Some seminal examples of this (in Australia at least) include "McDonald's" (pretty much impossible to brand any good or service, no matter its class, as such) and "Nike" (the shoe manufacturer prevented the manufacture of "Nike" perfume).


Trademarks are usually registered in one or several international classes (there are 45 of them), but there's a cost per class, so most companies don't try to cover the whole spectrum:

http://www.uspto.gov/trademarks/notices/international.jsp

So, you can have a "Widgets" trademark for class 9 (Electrical and scientific apparatus), and another company can own the "Widgets" trademark for class 29 (Toys and sporting goods).

Some companies do register their trademark across the whole spectrum, like Coca-Cola, and probably Nike too.

Note that pharmaceuticals are a whole different story, as there are so many of them that you can have similar-sounding ones as long as they do something very different.

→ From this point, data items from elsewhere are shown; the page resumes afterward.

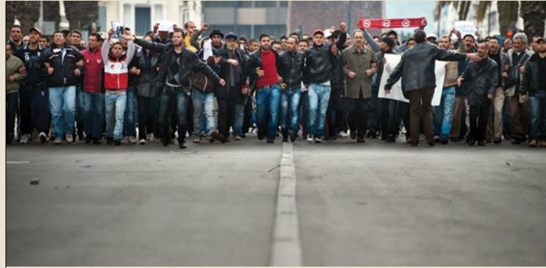
Tunisian Revolution, 2011

doubled the price of water for people’s homes. Early in 2000, the people of Cochabamba rebelled, shutting down the city with general strikes and blockades. The government declared a state of siege and a young protester was shot and killed. Word spread worldwide from the remote Bolivian highlands via the Internet. Hundreds of e-mail messages poured into Bechtel from all over the world demanding that it leave Cochabamba. In the midst of local and global protests, the Bolivian government, which had said that Bechtel must not leave, suddenly reversed itself and signed an accord that included every demand of the protestors. There is little doubt that it did so out of fears of social unrest.
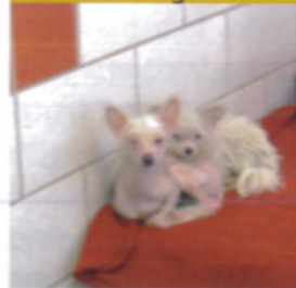
First Night at HHS

The canines, most of which were Chinese Cresteds and Chihuahuas, had completely taken over the house and backyard. The owner admitted to the officers she had begun to live out of her vehicle, abandoning the premises to the dogs. The entire residence was covered in accumulated, fetid waste. Holes had been cut in the back of the house to allow the dogs to run freely between house and yard. Each animal was safely loaded and transported to Houston Humane Society's Animal Wellness Clinic, where the real work began.
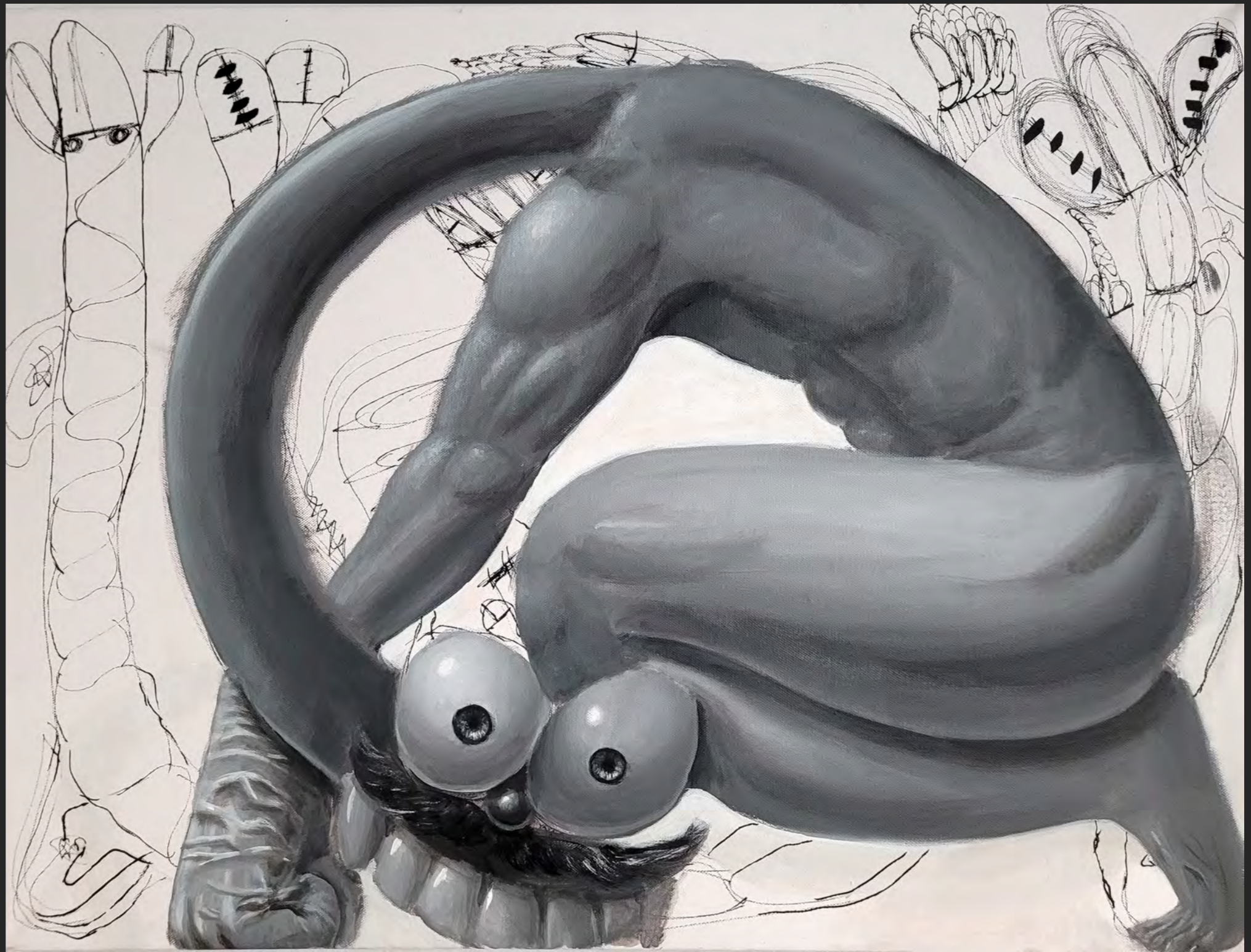
You write me I write you, 2022 Acrylic on canvas 60x80 cm
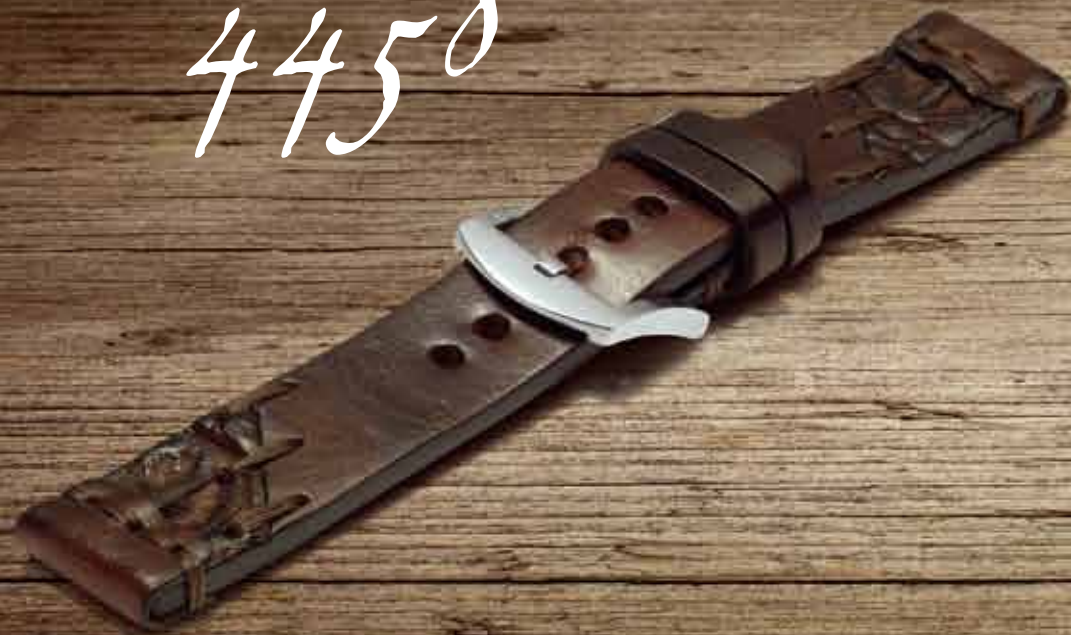
Ref. 4458 SS 23/22 For: Classico 53 / Classico 50 / Flightdeck 50-55 / Classico U-1001 / U-42 / U-51 51mm / Chimera 48 / Tipo 01 / Capsule SS = Stainless Steel

Maemo is brilliant, except it's a dead end in favor of Meego, whose future is uncertain.


What's wrong with a dead end? Isn't SSH a dead end, since we haven't seen any major modifications ina while? Maemo still has SSH, it's still linux, and it's still debian. There are community projects to update software and fix bugs.


> What's wrong with a dead end?

No new phones, obviously.


SSH is in active development. It isn't a dead end at all. While Maemo/Meemo will be going the way of the dodo probably.